As we celebrate the 10th anniversary of the wolf reintroduction in Yellowstone National Park, I am pleased to say that we have made great strides toward that goal. In doing so, we are writing what eventually could be the greatest wildlife restoration success story in our nation's history. From those first 14 Canadian wolves that were transplanted into the Lamar Valley back in January 1995, we now have a population of about 170 wolves in Yellowstone National Park and another 130 wolves roaming throughout the Greater Yellowstone region. In a scenario that was hard to imagine just a decade ago, wolf sightings are now fairly common in such places as Paradise Valley, Madison Valley and the upper Gallatin River drainage. If we work together as a region, we can finish writing that success story.

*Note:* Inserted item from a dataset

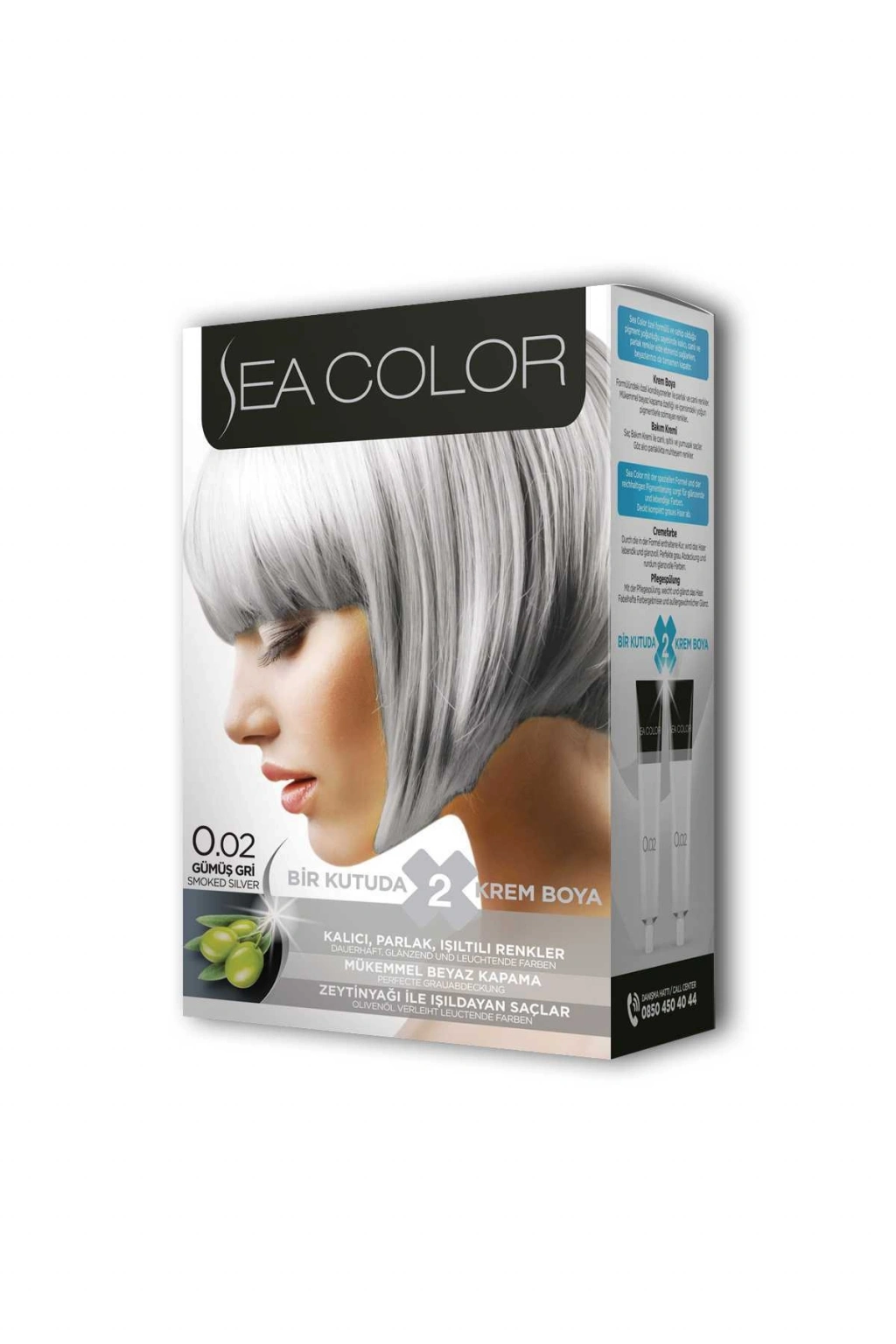 Sea Color 2 tüp Krem Saç Boyası Seti Gümüş Gri No:0.02

The key to finishing the deal and removing wolves from the endangered species list lies in how the three states manage them. Montana and Idaho have produced wolf management plans that have been accepted by the U.S. Fish and Wildlife Service, and as a result, have recently been given added flexibility to manage wolves. In return, the states and their citizens must demonstrate their commitment to treating wolves as a valued wildlife species instead of vermin.

If Montana's and Idaho's wildlife managers strike a measured balance between maintaining big game numbers and ensuring that wolves are allowed to roam the countryside, then we can reach the goal of delisting wolves in the near future. Evidence that wolves are reducing big game numbers in a specific area should not, however, automatically trigger a death sentence.

As part of a healthy, functioning ecosystem, wolves eat prey, and anywhere wolves take up residence, elk and deer herds will almost certainly be affected.

If, on the other hand, there is concrete evidence that wolves are sharply reducing herd numbers, it will be up to wildlife managers to strike a balance.

Likewise, Montana and Idaho ranchers are being given broad new authority to control wolves that are preying on livestock. They, too, must exercise that authority wisely if we are going to reach the goal of delisting wolves.

It's too bad Wyoming didn't follow its neighbors' lead. Wyoming has chosen to sue the government rather than rewrite its wolf management plan, which thumbs its nose at the original balanced agreement for wolf reintroduction by allowing an open season on them, except within the protective confines of national parks and wilderness areas. That obstinacy is inhibiting our progress toward delisting wolves.

When Wyoming writes an acceptable plan, and when the three states demonstrate they will manage wolves responsibly as part of the region's wildlife, we will support removing wolves from the endangered species list. After all, that's part of the deal we made before the first wolves were restored to Yellowstone a decade ago. And when we make a deal, we stand by it.

----- Michael Scott is executive director of the Greater Yellowstone Coalition, based in Bozeman.